正如金胜昔希望怀春能平安无恙,怀春亦执着地想为这片满目疮痍的土地和土地上的所有苟活的人们求得一份安宁。
旁人可能不知,金胜昔却是最了解幼时的怀春不过了。两人小时候都没有玩伴,一个被关在与世隔绝的守息塔顶,而另一个几乎整日被困于深宫的方寸间。几次相处后,她们便已经成为关系很好的朋友。
怀春从小时起,无论想要什么都不会开口要,旁人只要给予她一点温暖,她总会掏出自己能掏出的全部还于别人。
金胜昔一面喜欢她,又一面疼惜她。
她时常给怀春画大饼,像什么“你等我好好念书,就向父皇开口,把你从塔里讨出来,我们就可以天天一起玩了”
或是:“等我嫁了人,就把你从塔里接出来,我们住同一个院子”。
再后来她稍微懂事了,现实一点了,就会说:“怀春,等我们都长大一点,就一起逃出去吧,再也不呆在京城了。我们可以南下,或者北上,去哪里都好。然后一起搭一座小院子吧,住进山里去,这样没人能找得到我们了。”
怀春一向对她热血上头后口出狂言保持沉默,像是知道这些都不过镜花水月般的幻梦一样。只有这一次,唯一的一次,她应声了。
“好啊。”怀春轻轻地说,“好啊。”
像是渴望已经热切到让她再也无法单凭忍耐去遮掩。
“那就说好了。”金胜昔高兴得手舞足蹈,她兴高采烈地在怀春身旁扭来扭去,没过多久就又被怀春赶下了塔。
金胜昔一直牢牢地记着这个约定,就算后面怀春一夜失踪,就算已经过去了八年,她也从未把那个被困在高塔上,孤单寂寞的女孩忘掉。
因为她知道怀春是那般的渴望自由。
可就是这样渴望自由的怀春,却如她幼时甘愿为旁人施予的温暖倾尽所有那般,为这片土地上兴许存在的善意亲手葬送了这条道路。
许久,咒语声终于停歇。怀春有些摇摇晃晃地站直了身子。
“怀春,你怎么样?”金胜昔慌忙上前扶住她。离得近了,金胜昔才嗅见浓重到扑面而来的血腥气,呛得她一时喉头发紧。

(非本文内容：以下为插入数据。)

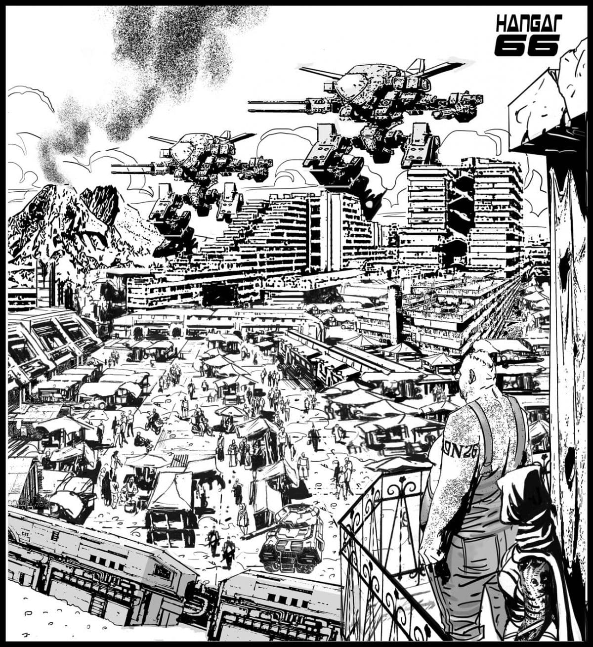 Ciao Michele, grazie a te! Hangar 66 è il primo social-comic della storia del fumetto e nasce dal mio desiderio di creare un fumetto indipendente da ogni logica editoriale, completamente libero nei contenuti e nella grafica. Volevo esprimermi al massimo senza lacci di nessun tipo, disegnare quello che mi piaceva, come mi piaceva, punto. Ma prima ancora di cominciare a disegnare, ho fatto una semplice domanda ai miei followers su Facebook: qual è il fumetto che avreste sempre volute leggere e che non avete ancora visto? Le risposte che ho avuto andavano tutte nella stessa direzione, che incredibilmente era quella che avevo già in mente io, quella che vedrete appunto in Hangar 66.

“无事。”怀春说,她蹙眉笑了,“怎么又哭了,来了淮州变得这么爱哭鼻子。”
金胜昔一愣,伸手摸了摸脸颊,触及一片潮湿。
“我不知道,是什么时候……”她呆呆地说。
“哭什么,不是什么大事。”怀春伸手轻轻擦去她的眼泪,把她面颊点干。她的指尖涔凉,泛着失血过多的青白“就知道不该带你来。”
金胜昔眼睛一眨,被她温柔亲昵的话语激得又要掉眼泪。
小竹识趣地去退开一旁,此地刚举行了祭祀礼,短期内应该不会再有大的问题了。只是祭祀礼能维持的时间越来越短了,她们还要再找新的法子。
“神女殿下。”身后忽然有人唤怀春。
金胜昔和怀春转身。来人是个半大不小的少年,约莫十几岁的年纪,精瘦,皮肤黝黑而粗糙,面颊因为高温被蒸得通红。或许因为营养不良,个子拔得不够高,整个人活像个没发育好的瘦猴。
“怎么了?”怀春柔声问。
“没什么,是你救了大家吧,”少年露齿一笑,“谢谢你。”
怀春回道:“不必……!”她话未说完,对方却突然将藏在身后的匕首猛刺过来,直奔她的心口。
金胜昔瞳孔剧缩,身体反应快过脑子,猛力将怀春扯去身后,倾身护住了她。
怀春刚失血过多,脑子还昏沉着,她被护在身后,看不清金胜昔身前的情况,只察觉到这个挡在她身前的女孩猛地抽搐了一下,像是痛极了似地发着抖。
“小竹!”怀春面色顿时白了。她仓惶地用身子撑住软下来的金胜昔,换手去扶她,一时慌得六神无主。
“咳……”金胜昔想说什么,张嘴便喉间一甜,口鼻处涌出鲜血,呛得她忍不住咳嗽起来,咳出了大滩鲜红的血液,有的溅在地上,有的沾满了衣襟,看着很吓人。
少年没想到她反应这么快,正欲抬手将匕首拔出,就被上前几步的小竹捏住了手腕:“别动!”